North Korea’s fearsome new nukes are capable of destroying a US naval base 6,000 miles away in CALIFORNIA, top missile expert warns
NORTH Korea’s new nukes could soon be capable of destroying a US naval base some 6,000 miles away in California, a leading expert has warned.
Kim Jong-un caused a stir once again when he test-fired his Hwasong-14 rocket on July 4 – America’s Independence Day.
The missile is currently estimated to have a range of 4,000-5,000 miles – enough to reach Alaska or Hawaii, according to aerospace engineer John Schilling.
He said: "If the Hwasong-14 is put together the way we think it is, it can probably do a bit better than that when all the bugs are worked out."

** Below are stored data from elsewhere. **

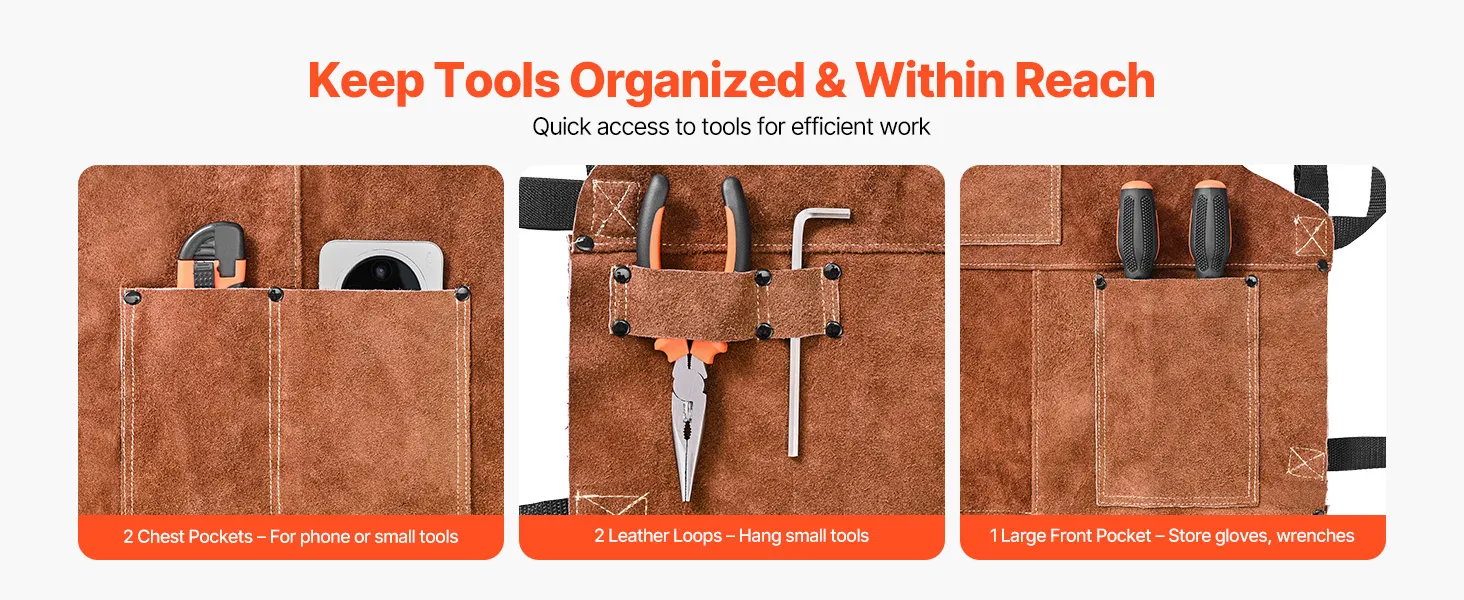 Pełna ochrona: Ten trudnopalny fartuch spawalniczy ma 610 mm szerokości i 1067 mm długości, zapewniając kompleksową ochronę od klatki piersiowej po nogi. Zapewnia doskonałą ochronę przed iskrami i wysoką temperaturą. Posiada trzy kieszenie i dwie skórzane szlufki do zawieszania narzędzi, telefonów komórkowych itp.
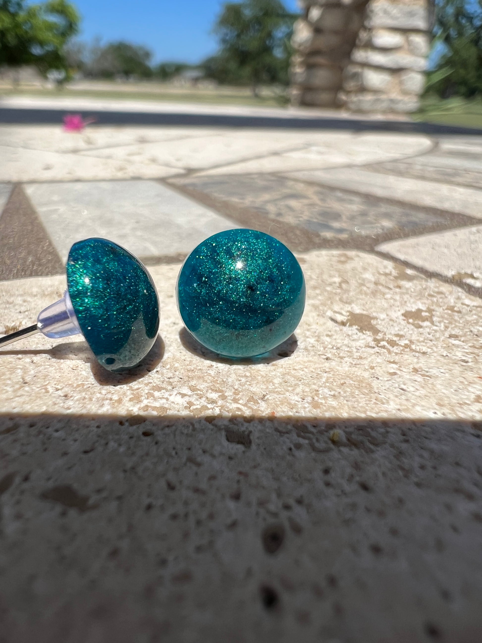These handmade, round earrings are sure to impress with their gorgeous deep emerald green color. Each earring is molded from epoxy for a durable and beautiful finish.
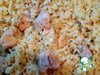 Одновременно с этим выложить мясо в разогретый казанок (или, как у меня, в сковороду Zepter), накрыть крышкой и пусть томится, пока мы занимаемся подготовкой риса. |
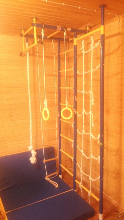 Купили на дачу - в комнату - игровой комлекс - лазалка+канат+кольца+турник+качели) Муж уже сьездил - установил, пол дня - с матами
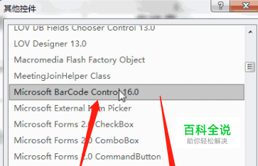 在【其他控件】对话框里,选择【Microsoft Barcode Control 16.0】,单击【确定】。如下图示。
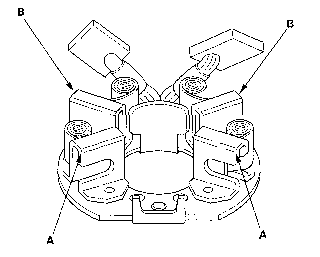 12. Check that there is no continuity between the (+) brush holder (A) and (-) brush holder (B). If there is continuity, replace the brush holder assembly.
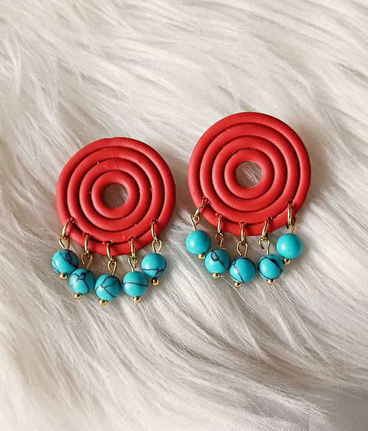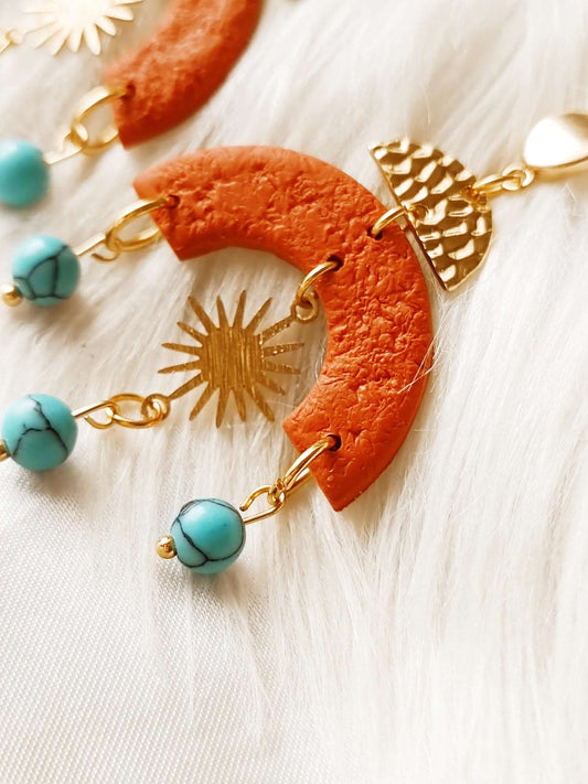 Terracotta Polymer clay earrings - ZAINAB - Boho polymer clay earrings - Clay earrings with TURQUOISE beads
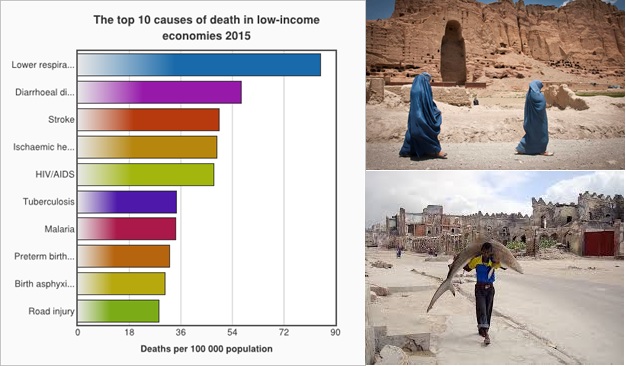 1º Grupo, países de muy bajos ingresos: Aquí la principal causa de muerte son las enfermedades contagiosas por microorganismos, los partos y la malnutrición proteica. Se trata de paises donde escasea la comida, la salubridad de las agua o la higiene. La esperanza de vida se situa en algunos casos por debajo de los 50 años (referencia).
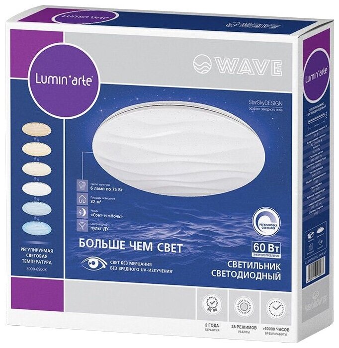Ниже Вы можете прочитать отзывы на Управляемый потолочный светильник Lumin'arte CLL0760W-WAVE, 60W, пульт, ознакомится с подробными характеристиками, посмотреть интересные обзоры и фотографии на Управляемый потолочный светильник Lumin'arte CLL0760W-WAVE, 60W, пульт.
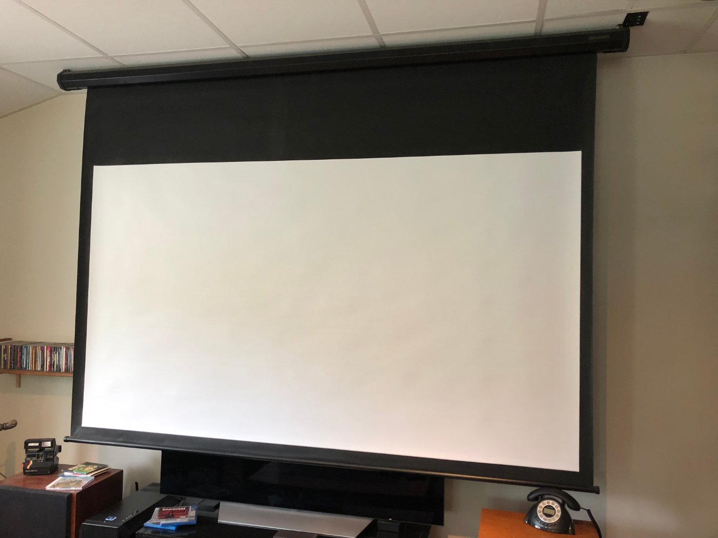 Je vais aller tout de suite à l'essentiel, de mon point de vue, c'est une bonne (très bonne ?) toile mais bien moins impressionnante que ce que l'on peut lire un peu partout sur le net, tout en sachant que mes précédentes toiles ont été un drap tendu sur un cadre en tasseaux (avec mon premier projo j'étais déjà content), une toile électrique grise sans nom à pas chère sur Amazon (horrible de rendu avec plein de paillettes), une toile blanche électrique sans nom à pas cher (rendu ok), une toile blanche manuelle Lumene (bon rendu).

Speaking to 38 North – a monitoring project linked to Johns Hopkins University in Baltimore, USA – Schilling warned the rocket is "likely" to be able to deliver a half-tonne warhead to San Diego within two years.
Schilling added: "The North Koreans won't be able to achieve this performance tomorrow, but they likely will eventually."

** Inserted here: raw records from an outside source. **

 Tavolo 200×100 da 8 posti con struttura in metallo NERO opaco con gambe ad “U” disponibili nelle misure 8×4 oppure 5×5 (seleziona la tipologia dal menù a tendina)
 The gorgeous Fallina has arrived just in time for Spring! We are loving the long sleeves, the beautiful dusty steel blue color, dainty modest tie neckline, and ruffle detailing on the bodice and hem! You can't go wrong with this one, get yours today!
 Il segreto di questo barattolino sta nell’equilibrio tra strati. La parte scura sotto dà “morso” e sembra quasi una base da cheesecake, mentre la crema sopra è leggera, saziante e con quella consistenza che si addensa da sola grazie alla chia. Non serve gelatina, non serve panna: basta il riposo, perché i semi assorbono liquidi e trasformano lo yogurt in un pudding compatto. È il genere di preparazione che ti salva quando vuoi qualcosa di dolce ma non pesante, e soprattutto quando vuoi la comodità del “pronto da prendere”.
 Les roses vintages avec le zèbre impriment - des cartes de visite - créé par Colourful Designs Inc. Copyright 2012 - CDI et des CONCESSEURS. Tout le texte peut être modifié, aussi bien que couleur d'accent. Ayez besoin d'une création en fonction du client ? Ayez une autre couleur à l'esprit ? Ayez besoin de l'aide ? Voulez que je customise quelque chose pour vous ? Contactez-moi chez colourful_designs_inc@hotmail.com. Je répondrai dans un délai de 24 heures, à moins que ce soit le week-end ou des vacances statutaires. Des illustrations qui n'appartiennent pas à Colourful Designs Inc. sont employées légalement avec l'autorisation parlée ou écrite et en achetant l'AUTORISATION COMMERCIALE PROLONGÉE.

At present it would be "lucky to hit even a city-sized target", due to limits to its re-entry technology, he said.
But with "a year or two of additional testing and development", he added, "it will likely become a missile that can reliably deliver a single nuclear warhead to targets along the US west coast, possibly with enough accuracy to destroy soft military targets like naval bases", such as that at San Diego in California.
The North's missile technology – which it is banned from developing by the UN Security Council – has advanced rapidly under Kim, ramping up tensions between Pyongyang and Washington.

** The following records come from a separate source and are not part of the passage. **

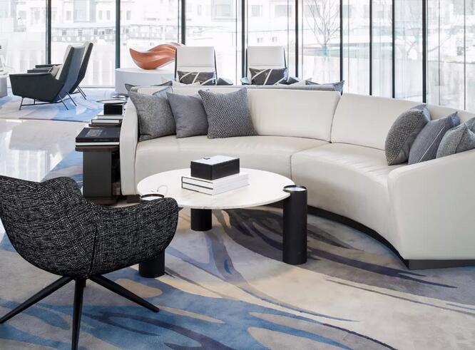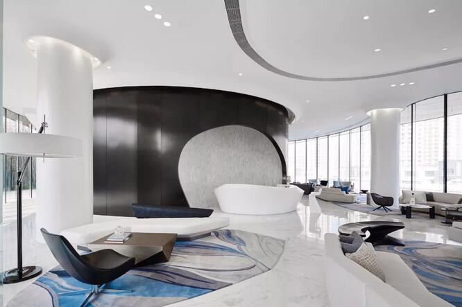 地毯的圖樣靈感來(lái)自扎哈·哈迪德的三維抽象畫,極具解構(gòu)思維的線條和色塊的組織變化,賦予空間獨(dú)特的個(gè)性力量。
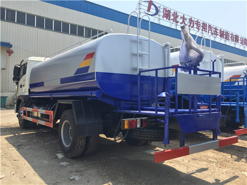 改裝配置:罐體用4MM碳鋼板制作,罐內(nèi)隔板具有防波作用,以減低汽車行駛時罐體液體的沖擊。整車帶一個專用灑水泵(垂直最大吸程6米),灑水寬度14米,射程28米。多功能灑水車配備2個前沖(噴)(能將路面泥巴、塵土、垃圾沖干凈);2個后灑(能均勻地將水灑在路面,一次灑水寬度14米)、2個側(cè)噴(花灑)(能均勻地將路旁綠化帶澆灌)、帶1個后工作平臺,平臺上安裝1個綠化灑水高炮(灑水炮可全方位旋轉(zhuǎn),可連續(xù)調(diào)成直沖狀、大雨、小雨、毛毛雨,霧狀可調(diào)節(jié)沖洗高大樹木),引水時間<5min,流量90m3/h。帶1個消防接頭,帶1個自流閥,1個過濾裝置、人性化爬梯及側(cè)防護欄,安裝灑水音樂喇叭。
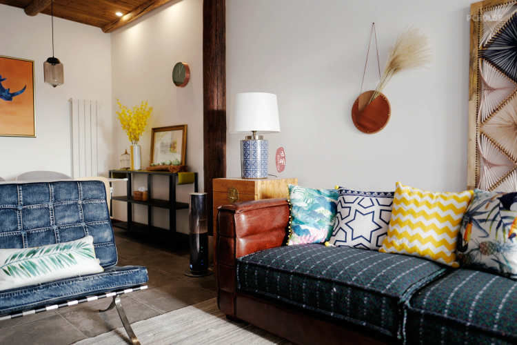 沙发靠垫则选色明亮有动感,调和了整间客厅的复古气息,更符合孩子色彩斑斓的天性。

The impoverished state has also staged five nuclear tests – including two last year.
Washington is set to to propose tougher UN sanctions against the North, but analysts say they will have a limited impact unless China – the North's only major ally – steps up pressure.
Beijing is reluctant to risk destabilising the North, fearing a potential influx of refugees along the frontier or US troops stationed on its border in a unified Korea.